De bonne guerre était, sans doute, l'initiative présidentielle de lundi, consistant à alerter formellement, solennellement, la communauté internationale sur le danger existentiel que représentent, pour le Liban, les retombées socio-démographiques, politiques et économiques de l'afflux de réfugiés syriens sur son sol. Par ambassadeurs et autres représentants interposés, le chef de l'État a ainsi envoyé aux dirigeants des grandes puissances, de l'Union européenne, de la Ligue arabe et de l'ONU des missives écrites détaillant, statistiques à l'appui, le sombre tableau.


Le fait est que les chiffres donnent froid dans le dos, mais seulement pour qui veut bien se laisser émouvoir. Ainsi, les Syriens forment aujourd'hui non moins de 37 % de la population, sans même que soient pris en compte les centaines de milliers de réfugiés palestiniens. On dénombre 153 déplacés syriens par kilomètre carré de mouchoir de poche libanais. Et surtout, bon nombre des personnes arrêtées pour avoir commis crimes et délits de toute sorte sont, encore et toujours, des Syriens, même si le ministre de l'Intérieur a tenu à tempérer, hier, les pourcentages avancés par le chef de l'État.
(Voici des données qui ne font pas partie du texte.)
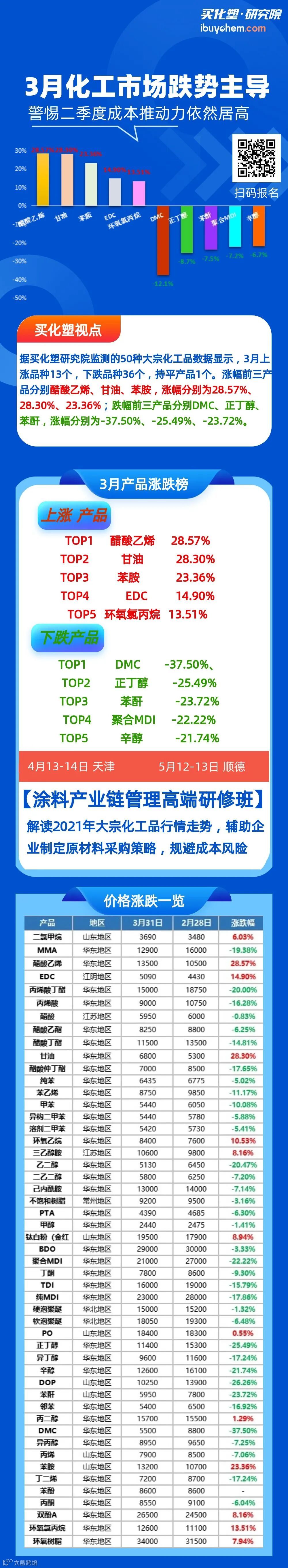 3月化工市场跌势主导 二季度成本推动力依然居高

Dès lors, ce que l'on qualifiait il y a peu de bombe à retardement humaine n'en est plus vraiment une : elle a commencé à nous éclater à la figure un peu partout. Elle pulvérise les finances de l'État ou le peu qu'en laissent les prévaricateurs ; elle menace de faire voler en éclats le fragile équilibre communautaire qui est la marque de fabrique du pays et sa police d'assurance-vie ; elle remplit à ras bord les bancs des écoles et les lits des hôpitaux gouvernementaux ; enfin, actes crapuleux et concurrence déloyale se conjuguent pour susciter un sentiment croissant de xénophobie parmi la population.


Le problème c'est que tout cela, le monde entier le sait déjà. C'est du déjà-vu, du déjà dit et redit, sans autre résultat qu'une assistance internationale tout juste suffisante pour garder le Liban à flot et le redoutable dogme, adopté même par les plus proches de nos amis, selon lequel les réfugiés doivent demeurer dans les pays limitrophes de la Syrie, en prévision d'un retour rapide et aisé à leurs foyers. Si bien que le seul point fort de l'argumentaire officiel libanais – le seul relativement nouveau au niveau de la diplomatie internationale – est l'idée d'un rapatriement organisé se limitant, pour l'heure, aux zones de Syrie jugées sûres, car il en existe déjà.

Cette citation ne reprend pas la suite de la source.